Benjamin Smedberg wrote:

>Just a quick disctinction:  _underscores_ generally mean italic, for titles
>and citations.  *Asterisks* mean bold emphasis.  This convention originally
>developed from author's typescript markup.

Another convention from editor's markups is that bold is used for emphasis
when the purpose is to draw attention to the line in the context of the
entire page, whereas italic is used for emphasis in the context of the
sentence alone.

If you've got a page of text including the sentence "That may be what you
meant, but it's not what you *said*", the last word should be italic, not
bold, because you don't want the word "said" to jump out at anyone who
happens to be skimming through quickly.  On the other hand, if you've got
something like "*Warning*: If you don't follow these directions it might
crash your system", then you do want bold and not italic.

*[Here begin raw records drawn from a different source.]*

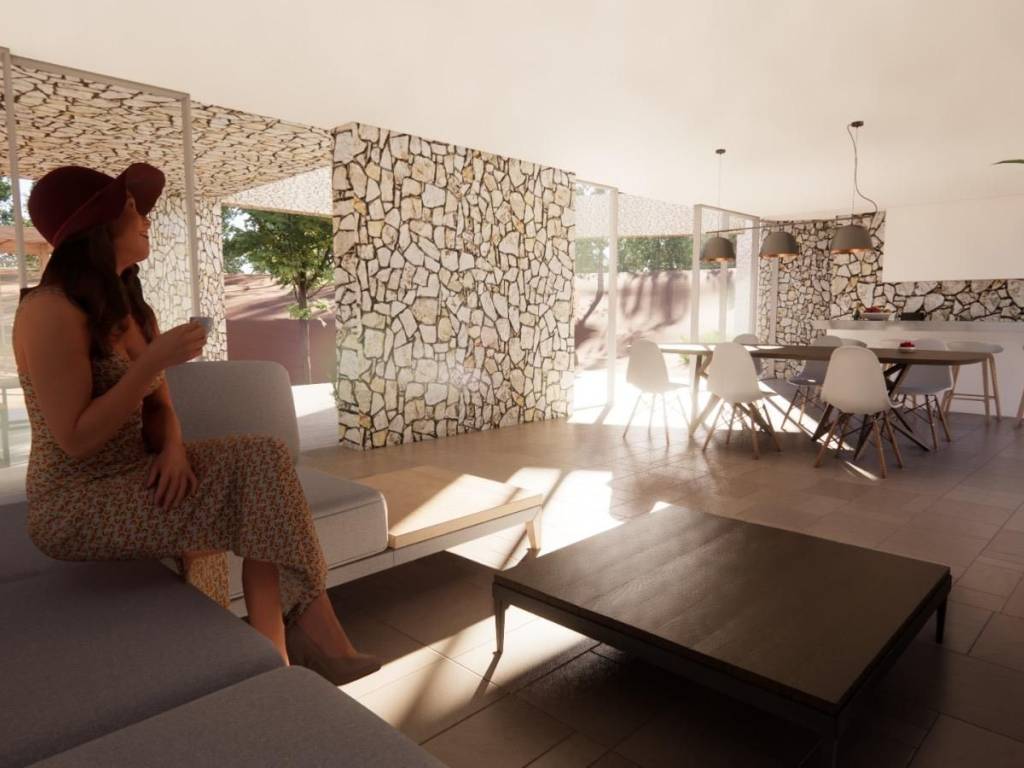 It extends over two floors, a basement and a ground floor, connected by an internal staircase. Upon entering the lower floor, you are greeted by an elegant open space living room with a dining room and a modernly equipped kitchen, ideal for socializing and relaxing. In the same area there is an exit to a covered and uncovered terrace, which leads to the pool and outdoor enjoyment area.
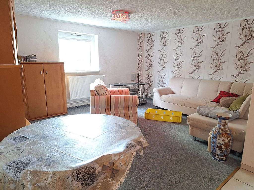 Vom Flur im Erdgeschoss gelangt man ebenso in das Kellergeschoss. Hier sind ein großes Wohnzimmer mit integrierter Küchenzeile, ein weiteres Wohn-/ Schlafzimmer, ein Duschbad mit Fenster, ein Hauswirtschaftsraum und ein Flur angeordnet.
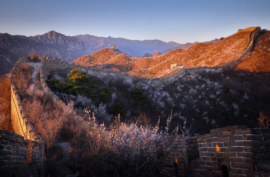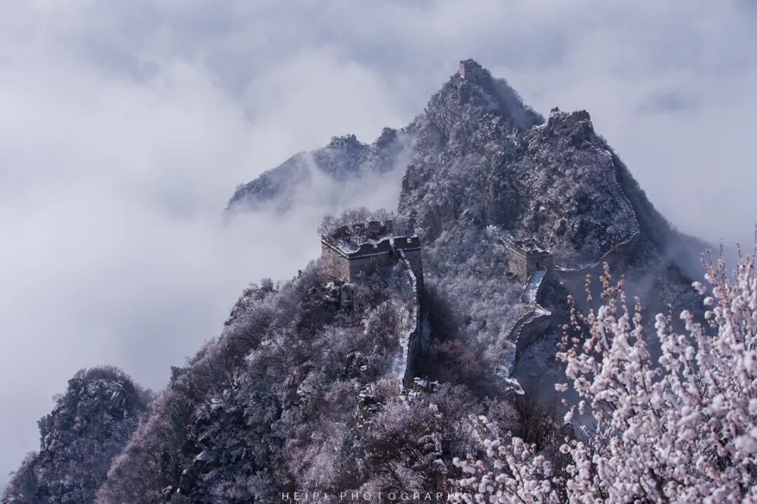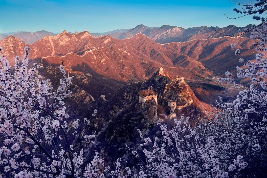 在未被开发的箭扣长城的山上,3月份山桃花盛开得正旺,悬崖峭壁,山涧中,甚至长城上都是繁华朵朵。
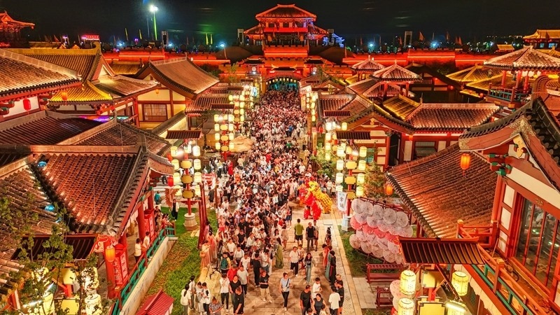 8月9日,山東樂陵影視城景區(qū)流光溢彩、游人如織(無(wú)人機(jī)照片)。
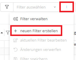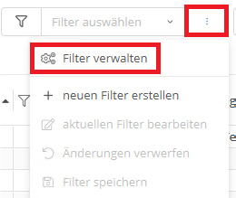 Klicken Sie auf den Haken oder (wenn kein benutzerdefinierter Filter aktiv ist) die drei Punkte, um weitere Filteroptionen zu öffnen. Hier können Sie Filter verwalten, hinzufügen und bearbeiten.
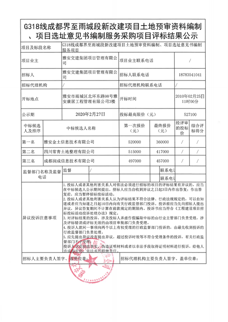 雅安交建集團(tuán)項(xiàng)目管理有限公司G318線成都界至雨城段新改建項(xiàng)目土地預(yù)審資料編制、項(xiàng)目選址意見書編制服務(wù)采購項(xiàng)目評(píng)標(biāo)結(jié)果公示
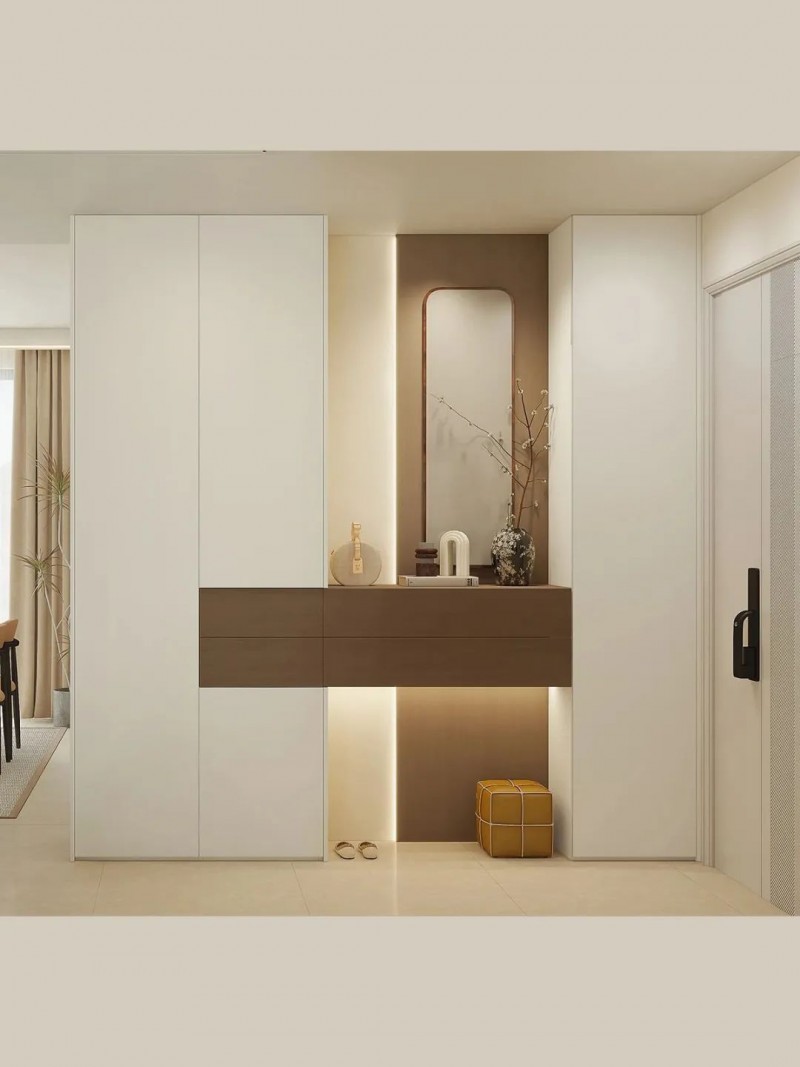 玄关柜采用意式奶冻色与胡桃楸搭配,增强立体感,进门便奠定了中古感基调。留空处点缀艺术摆件,更添雅致,同时安装穿衣镜,方便出行整理仪容。
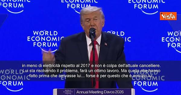 (Agenzia Vista) Davos, 22 gennaio 2026 "A causa della mia vittoria elettorale schiacciante, gli Stati Uniti hanno evitato il catastrofico collasso energetico che ha colpito ogni nazione europea che ha perseguito la "truffa del Green New Deal". Forse la più grande bufala della storia. Pale eoliche ovunque, distruggono la vostra terra. Qui in Europa, abbiamo visto il destino che la sinistra radicale ha cercato di imporre all'America. La Germania ora genera il 22% in meno di elettricità rispetto al 2017 e non è colpa dell'attuale cancelliere. Lui sta risolvendo il problema, farà un ottimo lavoro. Ma quello che hanno fatto prima che arrivasse lui... forse è per questo che è arrivato lui. E i prezzi dell'elettricità sono il 64% più alti. Il Regno Unito produce solo un terzo dell'energia totale che produceva nel 1999. Pensateci, un terzo, e si trovano sopra il Mare del Nord, una delle più grandi riserve al mondo, ma non lo usano. E questo è uno dei motivi per cui la loro energia ha raggiunto livelli catastroficamente bassi con prezzi altrettanto alti. Più pale eoliche ha un Paese, più soldi perde e peggio va. In Cina le producono ma usano carbone, petrolio, gas e nucleare”. Lo ha detto Trump a Davos. Wef Fonte: Agenzia Vista / Alexander Jakhnagiev
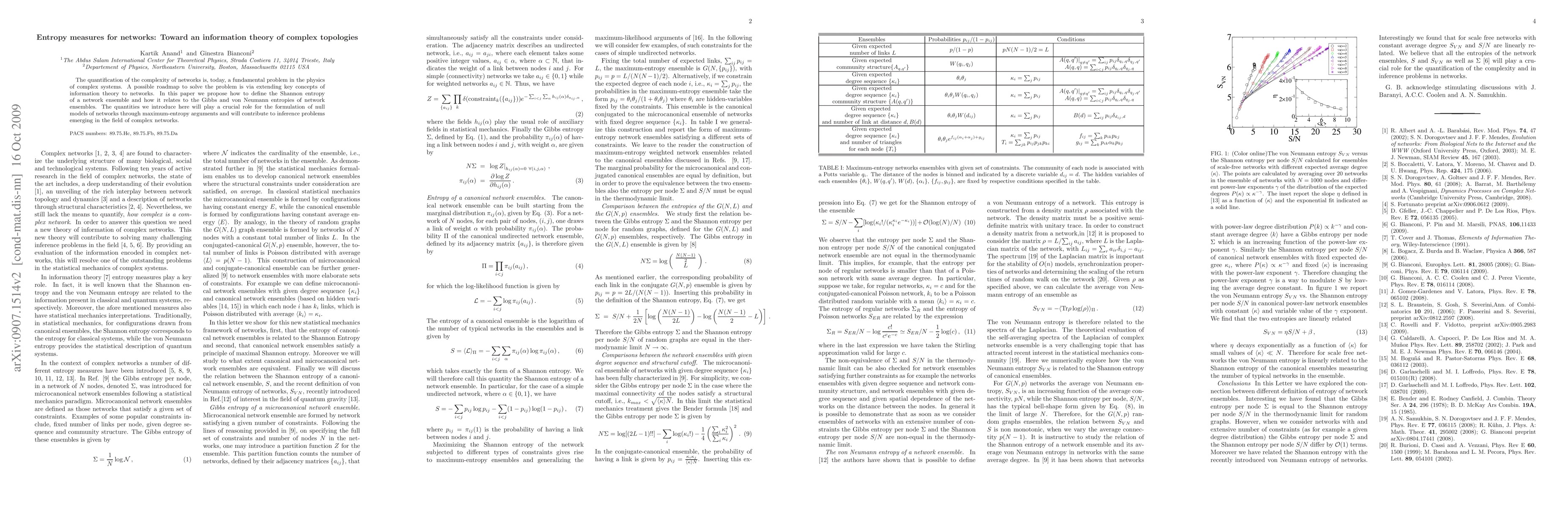 This paper proposes new entropy measures for complex networks, extending information theory concepts to quantify network complexity. The introduced Shannon, Gibbs, and von Neumann entropies will aid in formulating null models and solving inference problems in complex network analysis.
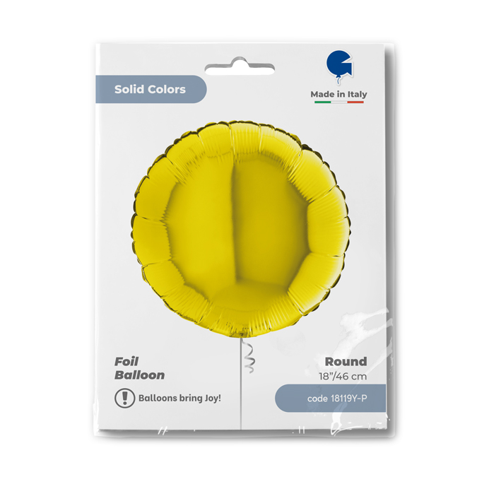 Foliový balónek ve tvaru kruhu ve žluté barvě.
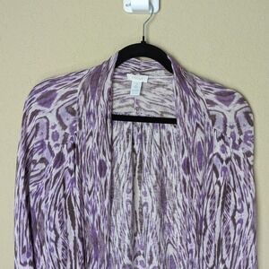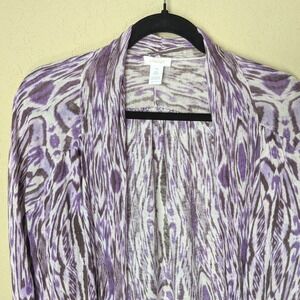 Chico's Purple Animal Print Open Front Cardigan Size 2 (M/L) Lightweight Drape
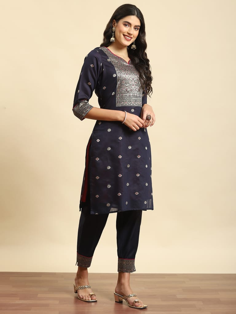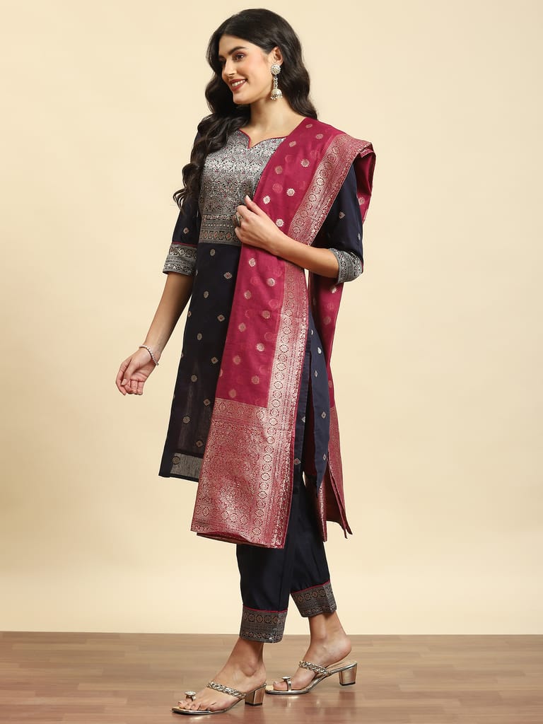 Women Navy Blue Woven Kurta Trouser Dupatta
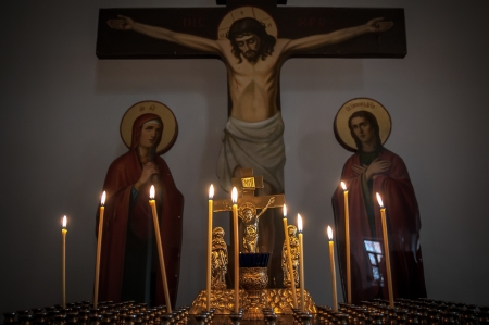 Icons and lit candles inside a dimly lit Orthodox church
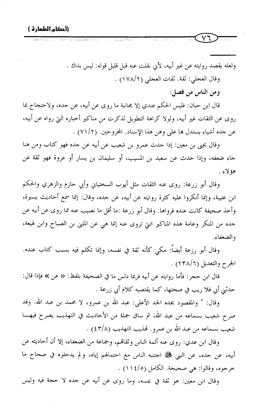 وقال يحيى بن معين: إذا حدث عمرو بن شعيب عن أبيه عن جده فهو كتاب ومن هنا جاء ضعفه، وإذا حدث عن سعيد بن المسيب، أو سليمان بن يسار أو عروة فهو ثقة عن هؤلاء.
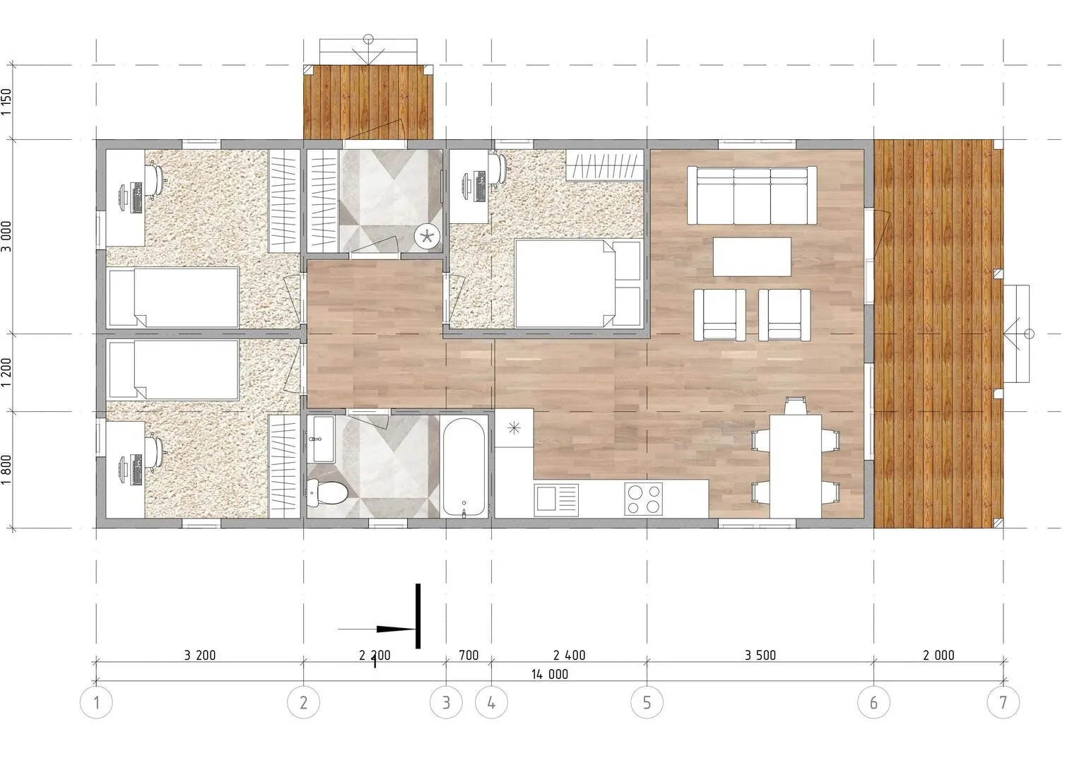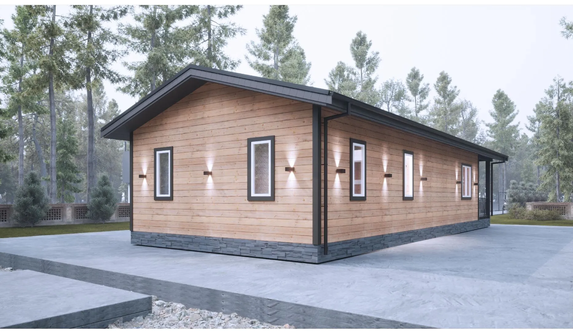 **Жилой Дом HIT – уют, тепло и стиль в одном объекте.** Первый надземный этаж этого обширного дома сделан в классическом барнхаус‑стиле, где элегантный деревянный каркас сочетается с двойной скатной крышей, создавая ощущение простора и природной гармонии. Дом спроектирован так, чтобы его можно было прекрасно обитаться круглый год: просторные комнаты, большие окна, притягвающее естественное освещение и тепло древесины делают каждый уголок уютым и гостеприимным. **Простор и комфорт без лишних сложностей.** Дом HIT не привлекает к себе внимание балконами, террасами или чердачными помещениями – он прост и функционален. Большая веранда предлагает вам место для спокойного отдыха на свежем воздухе, а отсутствие гаража упрощает организацию пространства. Весь дом обрамлен внешними деревянными стенами, которые излучают теплоту и экологичность, а двойная скатная крыша не только защищает от непогоды, но и добавляет архитектурной выразительности. Покупая этот дом, вы открываете дверь к спокойной, обустройной жизни, где каждая деталь продумана до мелочей, а простота – источник настоящего комфорта.
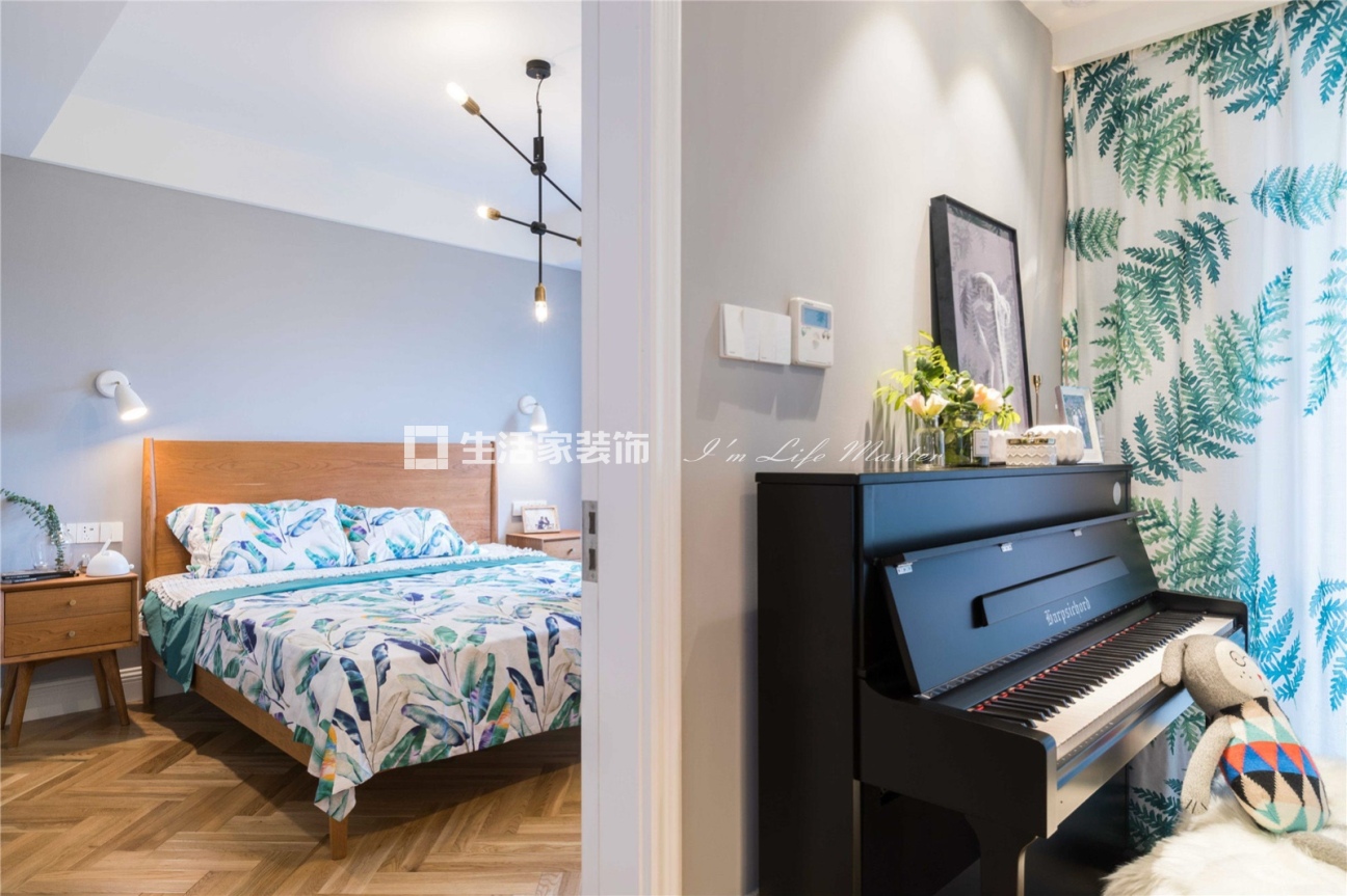 主卧室及主卫:卧室空间不大 衣柜空间不够 卧室的阳台门在床头 柜子采用嵌入式设计 通往阳台的门采用床头背景隐形推拉门设计。
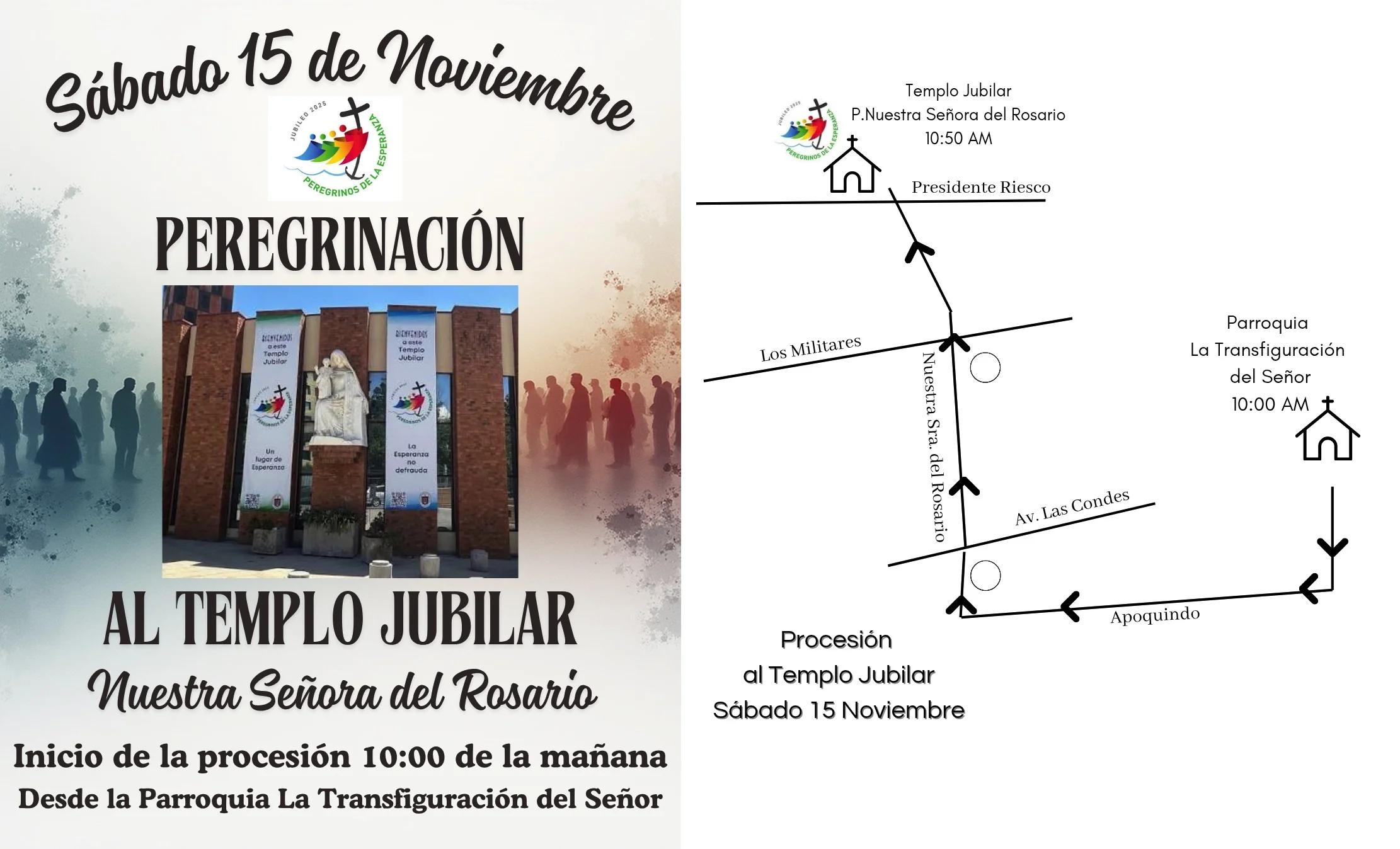 La procesión se realizará el sábado 15 de noviembre. Nos juntaremos a las 10:00 hrs en la salida de nuestra parroquia.

My observation on the Usenet and in email has been that most people use
asterisks for both kinds of emphasis, regardless of whether they would be
bold or italic.

For non-emphatic italics (titles, etc.), I will often use /slashes/.  If
I'm emailing copy for typeset, I will do that consistently (with an
explanatory note attached).  In ordinary correspondence and Usenet
discussions, I sometimes do and sometimes don't.  I tend to follow the
style of whomever I'm responding to.

I suspect that differing opinions on use of all-caps in email is related to
the fact that email texts appear differently on different systems.  The guy
who writes them probably thinks that it's easy to read and lends emphasis
to his words, but for readers using a different display font it is
difficult to read and just looks ugly.